## Task to complete
Locate the line containing "중앙에 원형 장식을 움직여 길이를 조절할수 있어" in the material below. Copy that line and all following lines through the end exactly, omitting any pictures.

## Dataset excerpt
════════════════════
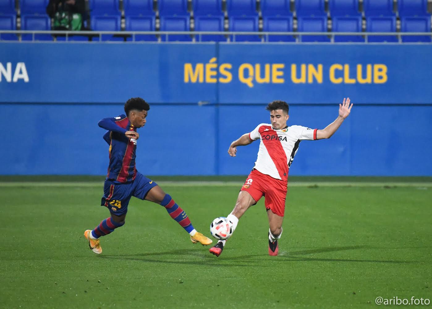 El partido inicio de manera favorable para el Barca, controlaban la posesión del balón y ejercían una presión adelantada que obligaba al Hospitalet a retroceder, con el pasar de los minutos los visitantes fueron entrando en el juego, logrando crear una que otra opción de peligro, los blaugranas apuraron sus líneas y en un doble centro, Manaj cabeceaba al fondo de la red. Tras el gol, el conjunto cule intensifico el ritmo en búsqueda del segundo, hasta que en el minuto 37’ Ilaix Moriba remato desde la frontal ampliando la diferencia. El equipo de la ribera no se podía levantar, no encontraba el camino y pagaba caro sus despistes, finalizando la primera parte, en una contra rápida Ilaix cae al suelo, el colegiado sin dudarlo decreta penal, Manaj con una ejecución potente lo transforma en el tercer tanto de la tarde. De esta forma se iban al descanso.
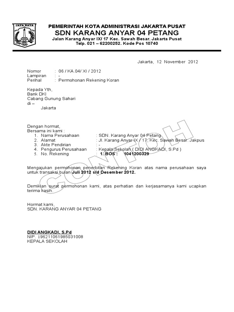 Surat permohonan rekening koran perusahaan. Proses pembukaan rekening tidak terlalu lama setelah rekening jadi anda langsung dapat menggunakannya hari itu juga. Fungsi rekening koran perusahaan ini ialah untuk melakukan rekap daftar keuangan baik transaksi arus masuk dan keluar. Waringin jaya rt 02 03 desa waringin jaya kec.
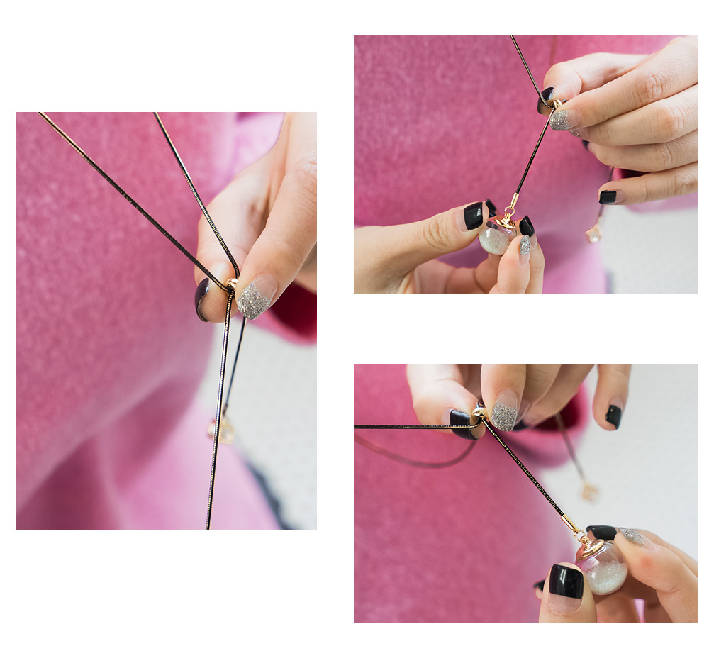 중앙에 원형 장식을 움직여 길이를 조절할수 있어
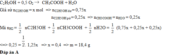 Thực hiện phản ứng oxi hóa m gam ancol etylic nguyên chất thành axit axetic (hiệu suất phản ứng đạt 25%) thu được hỗn hợp Y, cho Y tác dụng với Na dư thu được 5,6 lít H2 (đktc). Giá trị của m là
════════════════════
## Written reply
 중앙에 원형 장식을 움직여 길이를 조절할수 있어
 Thực hiện phản ứng oxi hóa m gam ancol etylic nguyên chất thành axit axetic (hiệu suất phản ứng đạt 25%) thu được hỗn hợp Y, cho Y tác dụng với Na dư thu được 5,6 lít H2 (đktc). Giá trị của m là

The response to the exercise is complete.